BBC BASIC, 570 514 490 bytes ASCII
Download interpreter at http://www.bbcbasic.co.uk/bbcwin/download.html
435 bytes tokenised
Full program displays an input from L.bmp on the screen, then modifies it to find a solution.
*DISPLAY L
t=PI/8q=FNa(1)
DEFFNa(n)IFn=7END
LOCALz,j,p,i,c,s,x,y,m,u,v
F.z=0TO99u=z MOD10*100v=z DIV10*100ORIGINu,v
F.j=0TO12S.4p=0F.i=j+3TOj+9S.2c=9*COS(i*t)s=9*SIN(i*t)p=p*4-(POINT(c,s)<>0)*2-(POINT(9*c,9*s)<>0)N.
m=n:IFn=5A.(43A.p)=0p=0m=7
IF(ASCM."??O|(C",n)-64A.p)=0THEN
F.i=-1TO0GCOL0,-i*n:c=99*COS(j*t)s=99*SIN(j*t)y=402/3^m MOD3-1MOVE-c-s*y,c*y-s:x=n<3MOVEc*x-s*x,s*x+c*x:x=2778/3^m MOD3-1y=5775/3^m MOD3-1PLOT85-32*(n MOD6>3),c*x-s*y,s*x+c*y:IFi q=FNa(n+1)ORIGINu,v
N.
ENDIF
N.N.=0
Explanation
Note that in BBC basic a distance of 1 pixel = 2 units, so the 50x50 pixel grid becomes a 100x100 grid.
We use a recursive function to place the 2 large triangles, medium triangle, square and parallelogram into the shape. The earlier shape in the list is drawn before the next recursive call is made. if a recursive call returns without finding a solution, the earlier shape is overdrawn in black and a new position of the earlier shape is tried.
Once these five shapes are drawn, placing the two small triangles is just a formality. It is necessary to draw one of them though, in order to distiguish them if they share a common edge. We only colour one of the two small triangles. The other is left in natural black.
Placing of each shape is attempted at different x,y coordinates and in 4 different rotations. To test if there is free space to draw a shape we use the template below, with 45 degree angles. The rotations are made about the * and the 8 pixels tested are in 2 semicircles of radius 9 and 81 units and fall on radiating lines at odd multiples of 22.5 degrees to the x and y axes.

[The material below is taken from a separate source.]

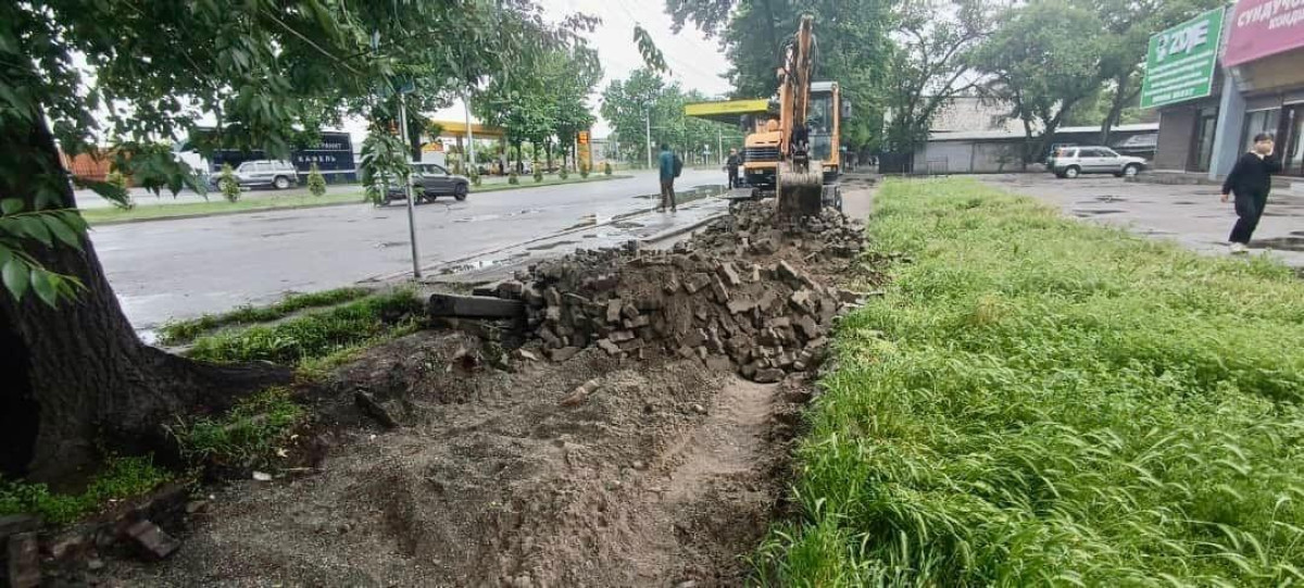 Маалымдалгандай, аталган көчөнүн эски асфальты алынып, эски бордюрлар жана ирригациялык системалар демонтаждалууда.

For a large triangle all 8 spaces are required to be clear. For other shapes only some of the cells must be clear so a mask is applied.
+----+---- Shape Mask HGFEDCBA Mask decimal
|\ E/|\G /
| \/F|H\/ 1,2. Large triangle 11111111 -1
|C/\ | / 3. Med triangle 00001111 15
|/ D\|/ 4. Square 00111100 60
+----* 5. Parallelogram 11101000 -24
|\ B/ 6. Small triangle 00000011 3
|A\/ 7. Parallogr reversed 00101011 43
| / Note: reversed parallelogram is checked/drawn at recursion depth n=5
|/ with a special check, but the coordinates are encoded as m=7.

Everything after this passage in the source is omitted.